ESG litmus test intensifies as 2024 elections loom

Political uncertainty is one of the biggest themes in the ESG world this year, with sustainable and responsible investing being attacked on several fronts.

A campaign against the use of environment, social and governance factors in managing assets for public workers has snowballed, with many conservative-leaning states considering or passing legislation. The issue has also been a focus in Congress, with the Republican-majority House holding hearings on it. In March, President Joe Biden also issued his first veto, shooting down legislation that would have nullified a new rule from the Department of Labor that allows retirement plan fiduciaries to consider ESG criteria.

And earlier last month, the first 401(k) lawsuit centering on the use of ESG factors was filed.

Those developments are all part of the relatively recent politicization of ESG, which has become a rallying cry for conservatives and a pillar in the campaigns of at least two Republicans vying for the 2024 presidential election nomination.

Meanwhile, the Securities and Exchange Commission has held off on publishing the final versions of several rules that address ESG — one for the climate-related disclosures public companies will have to make and others covering marketing, advertising and fund-naming.

Whether the SEC will require big companies to publish their Scope 3 greenhouse gas emissions is a big question. Those emissions represent the biggest proportion of emissions, as they cover the supply chain and end users that manufacturers and distributors serve.

Those rules — especially the one covering public companies’ disclosures — will all but certainly face a legal challenge, once finalized.

But that might be of little consequence, as the state of California is poised to move forward with legislation that would effectively stand in for, and surpass, the SEC’s proposed rule for emissions disclosures.

Regardless, the war on ESG might be toned down after next year’s election, but it doesn’t show any signs of abating sooner.
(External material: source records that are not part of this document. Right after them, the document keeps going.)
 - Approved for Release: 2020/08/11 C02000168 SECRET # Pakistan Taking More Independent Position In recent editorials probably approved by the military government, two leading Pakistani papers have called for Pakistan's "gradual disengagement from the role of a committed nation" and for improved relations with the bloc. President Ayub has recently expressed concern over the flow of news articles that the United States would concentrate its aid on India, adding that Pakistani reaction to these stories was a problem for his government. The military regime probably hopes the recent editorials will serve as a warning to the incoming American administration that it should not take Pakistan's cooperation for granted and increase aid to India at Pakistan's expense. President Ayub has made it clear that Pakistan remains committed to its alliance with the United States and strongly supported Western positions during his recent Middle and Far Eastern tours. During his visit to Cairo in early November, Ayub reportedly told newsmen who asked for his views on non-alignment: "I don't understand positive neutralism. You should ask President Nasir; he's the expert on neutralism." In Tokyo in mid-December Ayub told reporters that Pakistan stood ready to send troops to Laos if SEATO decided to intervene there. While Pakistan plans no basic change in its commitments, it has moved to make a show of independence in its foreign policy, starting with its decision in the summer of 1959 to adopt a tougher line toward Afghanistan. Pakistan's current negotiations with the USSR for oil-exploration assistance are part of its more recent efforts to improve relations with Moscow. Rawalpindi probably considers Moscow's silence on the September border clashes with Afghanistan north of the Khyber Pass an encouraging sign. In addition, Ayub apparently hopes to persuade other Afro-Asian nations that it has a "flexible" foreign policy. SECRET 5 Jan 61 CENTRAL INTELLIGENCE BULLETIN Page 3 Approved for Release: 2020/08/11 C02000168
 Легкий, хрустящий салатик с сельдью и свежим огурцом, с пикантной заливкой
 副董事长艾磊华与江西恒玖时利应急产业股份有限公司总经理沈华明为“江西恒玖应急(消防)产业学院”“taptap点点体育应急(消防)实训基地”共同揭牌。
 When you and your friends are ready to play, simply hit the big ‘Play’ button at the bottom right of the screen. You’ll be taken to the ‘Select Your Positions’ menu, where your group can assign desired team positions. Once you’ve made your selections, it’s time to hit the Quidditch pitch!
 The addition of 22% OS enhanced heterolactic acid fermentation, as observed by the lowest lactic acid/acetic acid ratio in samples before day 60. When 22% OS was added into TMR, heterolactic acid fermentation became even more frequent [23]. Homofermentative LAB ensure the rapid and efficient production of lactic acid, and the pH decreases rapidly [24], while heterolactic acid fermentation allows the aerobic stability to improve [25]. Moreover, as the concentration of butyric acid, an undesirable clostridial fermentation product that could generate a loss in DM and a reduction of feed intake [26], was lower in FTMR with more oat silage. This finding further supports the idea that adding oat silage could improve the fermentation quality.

Public companies — most notably Anheuser-Busch — have faced increasing scrutiny over their marketing strategies that have sought to make them appeal to broader audiences.

That has also led to more attention on how asset managers vote proxies in shareholder resolutions. In response, fund companies like BlackRock, Vanguard and State Street have been piloting or rolling out new programs to give customers some say in how their shares are voted on ESG issues.